I mean, Conner and God are already tight – they’re buds for a long time now. It is the world and human beings he’s going to need some help with – in order to not walk alone among us. As he gets older and more and more distant from the whisper of God that is cooing in his ear at this very moment, he’s going to need companionship, partnership, and guidance in order to practice spirituality in a culture and in a moment in history that has no place or respect for the practice of spirituality – especially the communal practice of spirituality.

This came home to me in a new way when I was in Guatemala last spring. I went to Guatemala to study language and I went with a friend who many of you know, Tim Wadkins who teaches religion at Canisius College.

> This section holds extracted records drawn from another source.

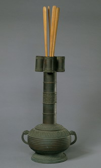 铜投壶(附箭四支) 清 高57厘米,上口直径16.5厘米, 底直径31.5厘米,箭长85厘米 故宫博物院藏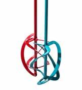 Starker Zwangsmischer mit gegenläufigem Mischwerk für anspruchsvolle und kraftraubende Mischarbeiten, für zeitsparendes und gründliches Mischen. DUO-Maschinen nur mit den dafür passenden Mischwerkzeugen MKD benutzen.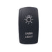 Laser etched water resistant cabin light Rocker switch. Water resistant switch with Laser Etched Actuators specially designed for marine or outdoor applications. IP 65 rated. Equipped more durable and power efficient LED lamps and with dual voltage rating 12V/24V. PC terminals 0.250" Quick connect terminals.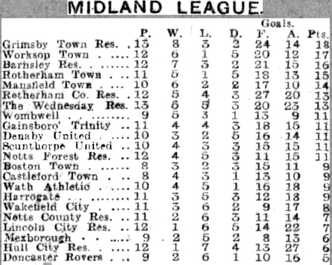 Midland League Table – October 29th 1921
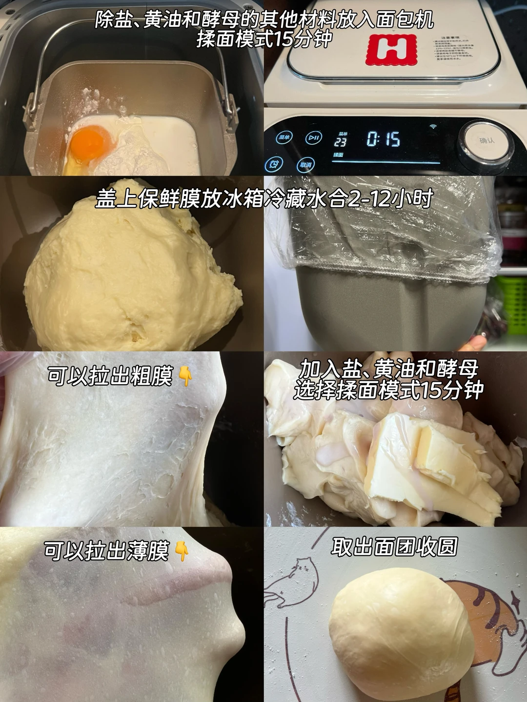 2️⃣ 加入盐、黄油和酵母选择揉面模式15分钟,可以拉出薄膜
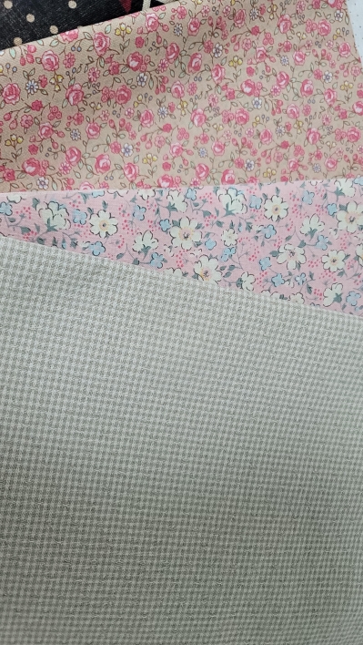 앤틱 플라워 & 체크 패치워크 하프린넨 커트지 140cm x 83cm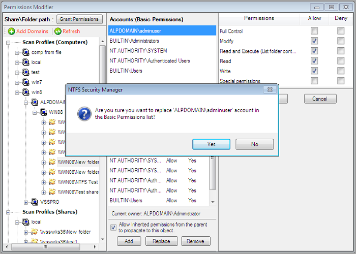 - You can use many options like Add the new permissions to the account’s existing permissions, Replace the account’s existing permissions with the new permissions, etc. You may select options to Allow, Block inheritance from the parent object and also Replace all child objects’ existing permissions with the inheritable permissions from this object while copying permissions to target shares.

Tim and I are both terribly extroverted, which means that we have to talk out loud in order to hear ourselves think. (Thank God for preaching
or I would never have a thought).

So we were there for nearly 3 weeks and we traveled together and met daily for conversation. We talked about everything. We are nearly the same age, even though he is aging much faster than me. We both have kids. We both are professionals in religious institutions. We both struggle with the meaning of our professions in a world in which religion
is nearly irrelevant in so many realms.

And so we talked and talked. We talked about aging. We talked about parenting. We talked about marriage. We talked about being male. We talked about religion. We talked about our own histories and struggles. We talked about our demons and angels – and I mean that very metaphorically.

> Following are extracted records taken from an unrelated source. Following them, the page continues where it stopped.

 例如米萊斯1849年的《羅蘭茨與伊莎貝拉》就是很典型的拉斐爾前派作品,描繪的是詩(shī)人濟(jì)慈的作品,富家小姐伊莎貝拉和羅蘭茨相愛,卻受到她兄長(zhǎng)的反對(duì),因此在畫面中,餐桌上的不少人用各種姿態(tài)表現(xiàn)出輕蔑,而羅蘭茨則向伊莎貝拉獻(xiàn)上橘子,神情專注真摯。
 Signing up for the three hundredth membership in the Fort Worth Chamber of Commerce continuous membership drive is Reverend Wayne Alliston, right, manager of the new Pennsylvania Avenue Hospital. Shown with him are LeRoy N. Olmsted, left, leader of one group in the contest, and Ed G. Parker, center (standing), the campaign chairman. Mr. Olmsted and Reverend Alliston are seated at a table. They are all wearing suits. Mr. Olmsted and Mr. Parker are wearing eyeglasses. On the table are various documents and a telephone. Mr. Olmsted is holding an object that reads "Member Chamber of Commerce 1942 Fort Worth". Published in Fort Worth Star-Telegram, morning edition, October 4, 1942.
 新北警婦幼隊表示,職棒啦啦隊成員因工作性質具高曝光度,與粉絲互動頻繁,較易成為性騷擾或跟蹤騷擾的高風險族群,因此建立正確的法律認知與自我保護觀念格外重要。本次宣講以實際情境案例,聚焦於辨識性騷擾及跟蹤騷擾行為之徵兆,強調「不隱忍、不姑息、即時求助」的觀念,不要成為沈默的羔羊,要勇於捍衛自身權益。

And I think it struck both of us that the kind of conversations we were having – especially given our professions and vocations and interests –
should not be so rare. The kind of conversations we were having should be on the menu almost daily for people who are engaged in spiritual community.

And that is what we have to offer Conner, a community in which spirituality and the practice of spirituality is not an isolated realm stuck inside him. Sure there is an internal process, a deep reservoir, as I like to say, in which we swim with God all by ourselves.

But that is not all there is and that is not all we are left with: deaf, blind and mute stuck inside ourselves before we learned about w-a-t-e-r.
And so we have so much to share with Conner that we should be bursting inside to let it all out and to help him know what we know. It is a privilege that we get to bring Conner into the water today and commit ourselves to sharing our spirituality with him.